[Herod's Gate, Jerusalem]George Herbert: "The Church-porch"

Day 2: Morning

2         

Beware of lust: it doth pollute and foul

Whom God in Baptisme washt with his own blood.

It blots thy lesson written in thy soul;

The holy lines cannot be understood.

     How dare those eyes upon a Bible look,

     Much less towards God, whose lust is all their book?

          Lust deserves the first warning. The sensuous craving for pleasure, selfish achievement, power, acquisition of temporal goods and immoral feelings divert the soul from its true objective. Our consuming desire cheapens the sacrifice of Christ and defiles our purification by His blood. Passion, if it does not obscure our innate conscience, makes it difficult to hear and understand the inborn sense of right and wrong. Those possessed by appetite dare not look upon the Bible or God when lust is all they perceive. In The Presence it withers them, or it makes them arrogant.

          Carnal desire pollutes our divine being so we misunderstand the Divine Will and confuse it with our own. It may eclipse it all together, making light into darkness and God's will into our own desires. Fleshly vision is limited and contorted. This inclination should be recognized before any progress can begin. Without this clarity of vision, all wisdom and cognition are distorted and short sighted.

          Herbert implies an obligation.

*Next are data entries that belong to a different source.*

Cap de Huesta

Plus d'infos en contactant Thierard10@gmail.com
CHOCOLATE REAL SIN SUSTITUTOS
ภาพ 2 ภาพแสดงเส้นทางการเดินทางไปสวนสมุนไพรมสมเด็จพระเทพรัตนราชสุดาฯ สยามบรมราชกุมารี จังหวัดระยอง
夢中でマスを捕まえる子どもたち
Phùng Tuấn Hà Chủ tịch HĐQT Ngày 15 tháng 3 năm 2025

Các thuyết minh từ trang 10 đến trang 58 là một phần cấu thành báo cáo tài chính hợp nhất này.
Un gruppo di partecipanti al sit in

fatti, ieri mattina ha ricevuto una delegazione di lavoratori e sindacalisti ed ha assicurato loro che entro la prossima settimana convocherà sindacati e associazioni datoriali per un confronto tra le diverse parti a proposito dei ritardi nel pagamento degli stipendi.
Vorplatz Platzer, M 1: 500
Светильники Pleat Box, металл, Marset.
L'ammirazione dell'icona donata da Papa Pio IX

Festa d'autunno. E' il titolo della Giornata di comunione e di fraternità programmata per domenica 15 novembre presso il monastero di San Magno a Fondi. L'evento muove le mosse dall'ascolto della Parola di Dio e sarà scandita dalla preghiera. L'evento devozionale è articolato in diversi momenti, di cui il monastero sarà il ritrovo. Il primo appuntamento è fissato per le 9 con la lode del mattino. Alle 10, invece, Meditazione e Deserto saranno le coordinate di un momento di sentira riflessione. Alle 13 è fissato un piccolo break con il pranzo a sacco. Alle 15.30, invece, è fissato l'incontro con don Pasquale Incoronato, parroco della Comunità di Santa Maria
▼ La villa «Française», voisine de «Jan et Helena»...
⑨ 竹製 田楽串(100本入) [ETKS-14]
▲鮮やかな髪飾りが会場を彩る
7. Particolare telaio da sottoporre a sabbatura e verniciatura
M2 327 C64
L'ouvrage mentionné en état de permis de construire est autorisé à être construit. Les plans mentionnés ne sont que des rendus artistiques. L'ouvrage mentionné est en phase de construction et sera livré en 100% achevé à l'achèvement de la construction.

God, as the person of Christ, purified us with his own blood at our baptism. By our lust we purposely stain our own purity, muddy the clear waters of our innate understanding and see through a glass more darkly than we are born to. This is our own doing, contrary to the renewed nature that faith and grace bestowed on us. Not only do we uncreate God's atonement, but we smear the imprint of divine wisdom.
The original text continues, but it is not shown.